The first shortages will be with private cars.

So to profit from the coming oil boom, invest in property in oil exporting nations – Canada and Norway are the safest and securest places which will benefit from the massive commodities oil/gas boom.

If you want to avoid property all together, then the best business to be exposed to are:

  • Oil
  • Gas - LNG
  • Coal
  • Solar
  • Wind
  • Oil services and engineering
  • Electric cars - batteries 

Other businesses and trading that will do well in the oil price boom are:

  • currencies of major oil exporting nations - their booming economies will lead to higher inflation, higher interest rates, stronger budget surpluses and very strong currencies
  • banks in oil exporting countries
  • government bonds and investment vehicles of oil exporting nations
  • retail sectors of oil exporting nations

The alternative energy we like the most is solar - costs are dropping rapildy and it is likely within the  next 5-10 years this energy source will be competitive with coal burning and nuclear power plants.
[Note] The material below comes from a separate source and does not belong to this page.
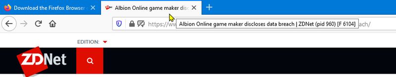 启用后,用户可以通过将鼠标悬停在Firefox选项卡上来测试站点隔离是否处于活动状态。如果启用,工具提示将显示[F]指示Fission处于活动状态,以及PID –每个Firefox选项卡的OS进程ID。

Electric cars will need charging - solar electric would be a truly clean and renewable future energy supply for vehicles and transport movements. Your higher risk investment funds could be put into solar as a hedge against the oil price boom and property price reductions. 

We aim to increase your returns, and we hope these insights into the ensuing oil supply crunch will benefit your investment strategy and allow you to hedge against the biggest oil price hike you have ever seen - it's just beginning - and it will affect everyone.